Akhirnya untuk menyimpulkan, dengan hal pada Penciptaan dalam Enam Hari
sebagaimana diinterpretasikan oleh para komentator berdasarkan pada makna lahir dari bagian
yang relevan, penjelasan mereka terhadap enam tahap berhubungan dengan Enam Hari
bertepatan hanya dengan derajat terakhir eksistensi dari interpretasi kita. Hal ini berarti mereka

214 Prolegomena
telah menginterpretasikan kata ‘Langit’ dan ‘Bumi’ dan ‘apa yang terletak di antara mereka’
dalam bagian ciptaan tersebut menunjuk hanya pada semesta fisik bersama dengan semua
bagiannya, yang di dalam interpretasi kita terletak pada level ontologis derajat keenam eksistensi.
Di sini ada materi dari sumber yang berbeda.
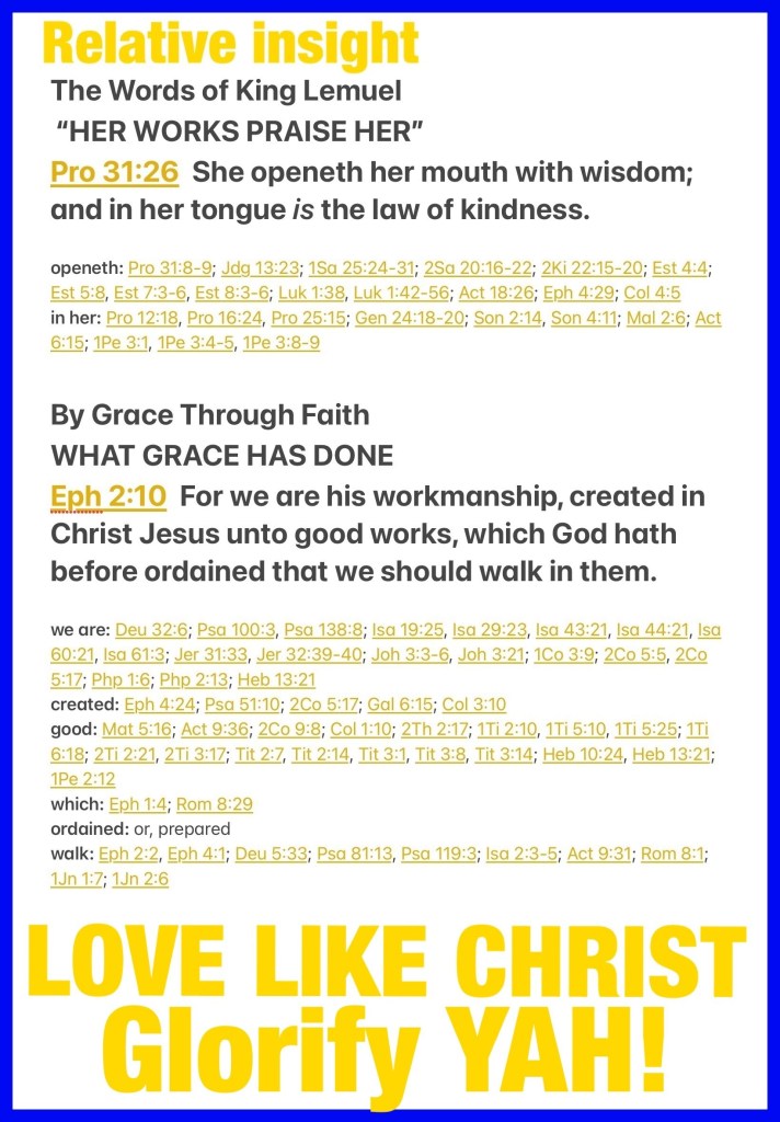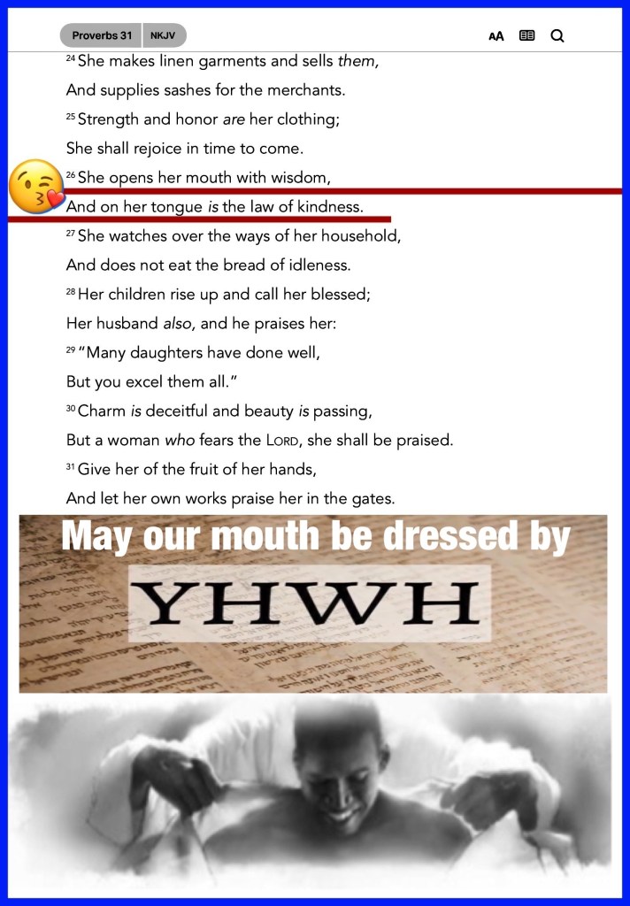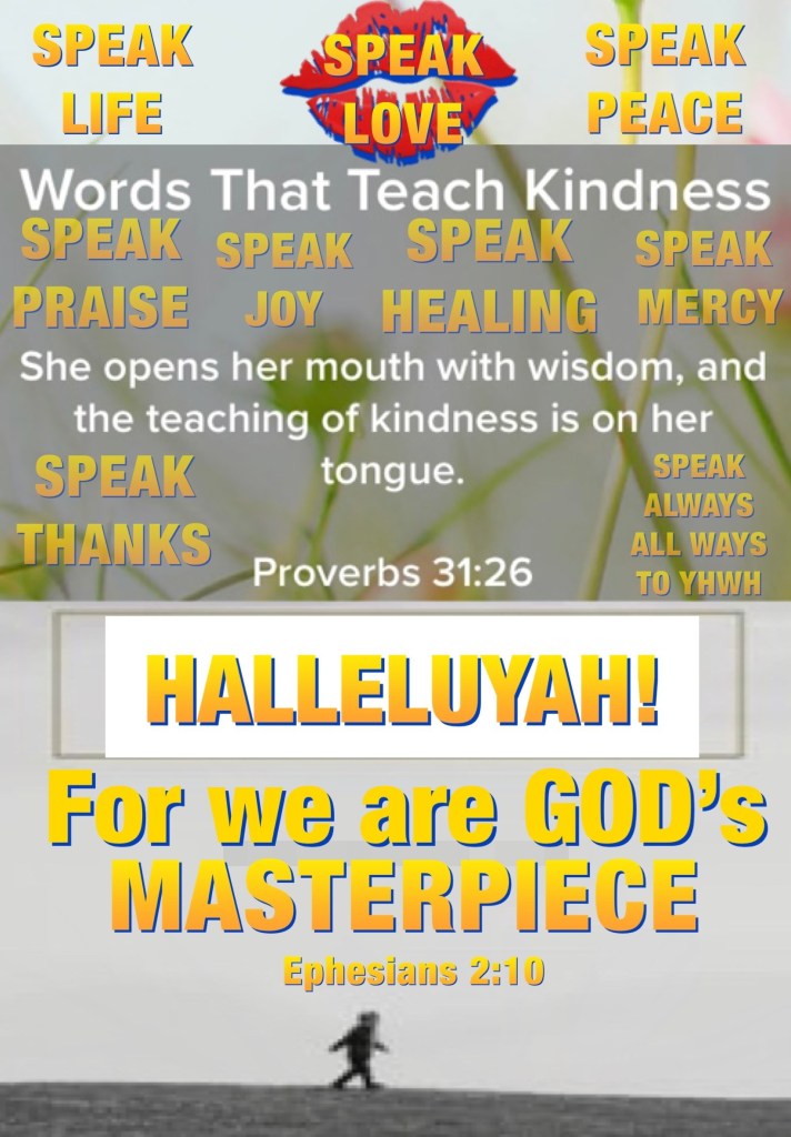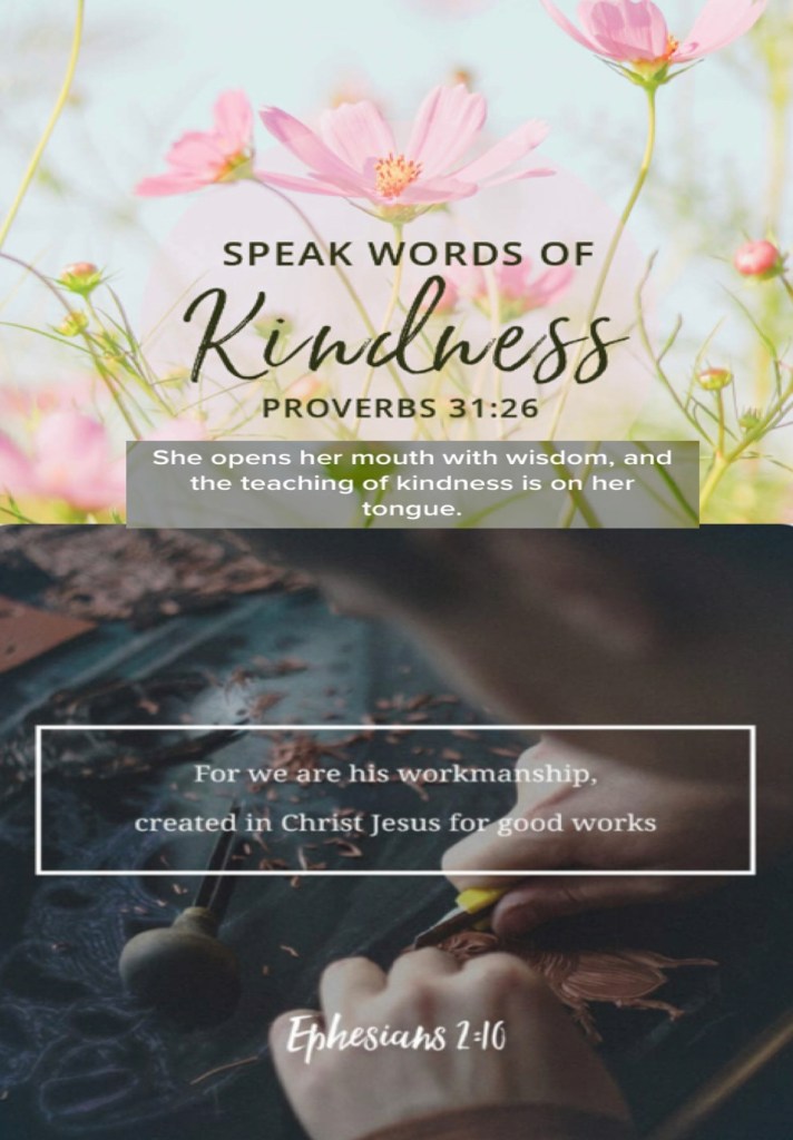 “She opens her mouth with wisdom, And on her tongue is the law of kindness.”Proverbs 31:26 “For we are His workmanship, created in Christ Jesus for good works, which God prepared beforehand that we should walk in them.” Ephesians 2:10

Hal ini sebanyak sebagaimana harapan kita untuk mengandung di sini tanpa berlanjut ke dalam
rincian lebih lanjut. Kita memohon Tuhan untuk mengampuni kita dimana kita terpeleset dan
salah, untuk menghargai kita dengan bantuan dan petunjuk-Nya dalam pemahaman yang benar
akan kata-kata-Nya dan tanda-tanda dan simbol-simbol-Nya yang makna tertingginya Dia
sendirilah yang terbaik dalam mengetahuinya.